Cerita Aya.
Tentang penderitaan dan pengorbanan...
Pagi ini sungguh cerah. Sinar matahari masuk menyinari kamar tempatku di rawat. Sesekali tirai jendela berayun-ayun dipermainkan angin yang menerobos masuk membelai wajahku.
Tapi aku hanya diam membisu. Aku tak menikmati pemandangan yang tersaji di balik jendela. Aku hanya diam membisu memandang hampa dengan segala pikiran yang bermain di kepala dan segenap perasaan yang berkecamuk di dada.
Sudah lebih dari satu minggu aku terbaring di sini, di kamar vip rumah sakit. Di lengan kiriku menancap selang infus bersama selang oksigen di hidungku.
Aku sendiri tak tahu apa sebenarnya penyakitku. Keterangan dokter yang memberitahukan apa penyakitku pada orang tuaku tak aku dengarkan. Aku tak mahu tahu. Dan aku juga tak berminat untuk tahu.
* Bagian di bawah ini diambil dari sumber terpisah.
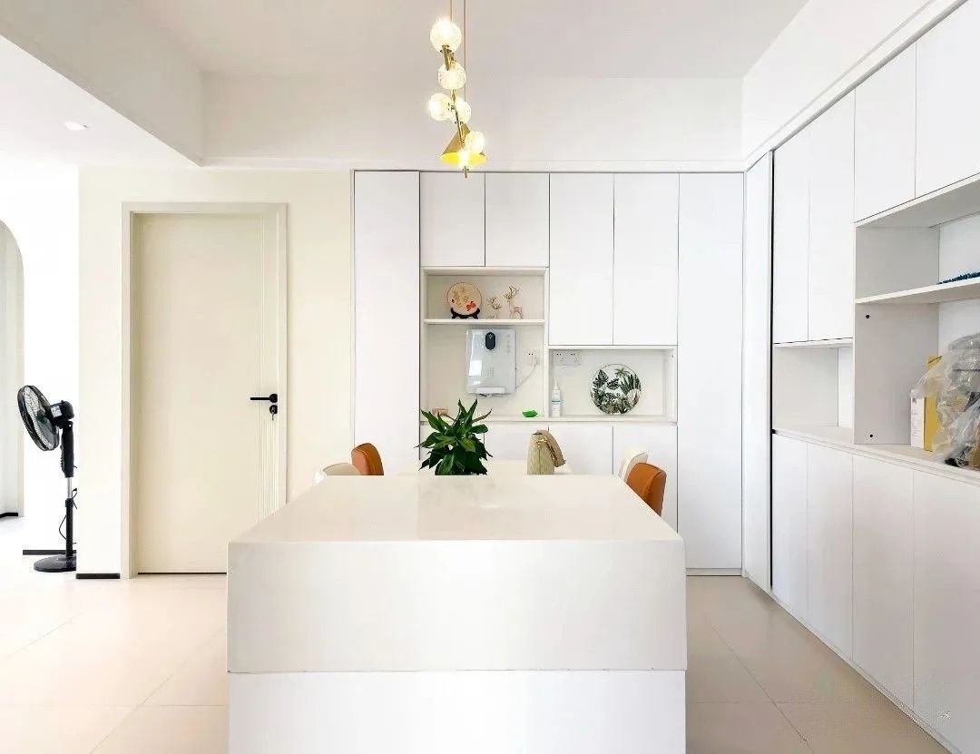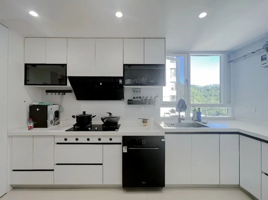 黑白經(jīng)典配色的廚房,無(wú)論何時(shí)都耐看!業(yè)主喜歡廚房看起來(lái)干干凈凈的,因此選擇了白色亞光柜體+白色石英石臺(tái)面+黑色電器,電器也盡量選擇入式電器,創(chuàng)造出極簡(jiǎn)又時(shí)尚的外觀。

Yang aku rasakan saat ini adalah ada yang hilang dari dadaku. Seolah-olah ada sesuatu yang telah terenggut paksa dari hatiku tanpa tersisa sedikitpun untukku. Dan aku tahu apa itu.
Orang yang aku cintai pergi meninggalkanku. Meninggalkanku sendiri merasakan kepedihan yang tak pernah aku bayangkan akan sesakit ini. Pergi membawa seluruh cinta dan sayangku yang ku berikan padanya sebagai lelaki pertama yang mengenalkan cinta padaku.
Aku tahu kalau sebenarnya itu bukan keinginannya. Aku juga tahu kalau sebenarnya dia dipaksa oleh orang tuaku untuk meninggalkanku karena orang tuaku tak menyetujui hubungan kami. Hubungan yang telah terjalin begitu indah dan memberikan kesan yang sangat mendalam di hatiku.
Semua bermula saat orang tuaku menginginkanku segera menikah agar terhindar dari fitnah. Dan aku sangat gembira mendengarkannya karena aku telah memiliki pilihanku sendiri.
Namun aku terkejut saat mendapati kenyataan bahwa ternyata orang tuaku telah menjodohkan aku dengan seseorang yang sama sekali tak aku kenal.
Aku sedih. Aku kecewa. Aku ingin memilih seseorang yang memang ku cintai. Yang selama ini mengisi relung hatiku. Menghiasi malamku dengan mimpi-mimpi indah. Yang selalu memberikan rasa nyaman saat aku berada disisinya.
“Umi ingin memilihkan pasangan yang terbaik untuk Aya.” Kata umiku saat itu. “Tapi bukan dia.”
“Tapi kenapa, umi? Bukankah kekasih Aya sudah bekerja dan telah menyelesaikan kuliahnya?”
Umiku mendengus sinis. “Tapi bukan dengan orang yang tak jelas seperti itu.”
“Kekasih Aya bukan orang yang tak jelas, umi. Kekasih Aya sudah bekerja dan telah menyelesaikan kuliahnya. Dia juga berasal dari keluarga baik-baik dan taat beragama. Sama seperti kita.”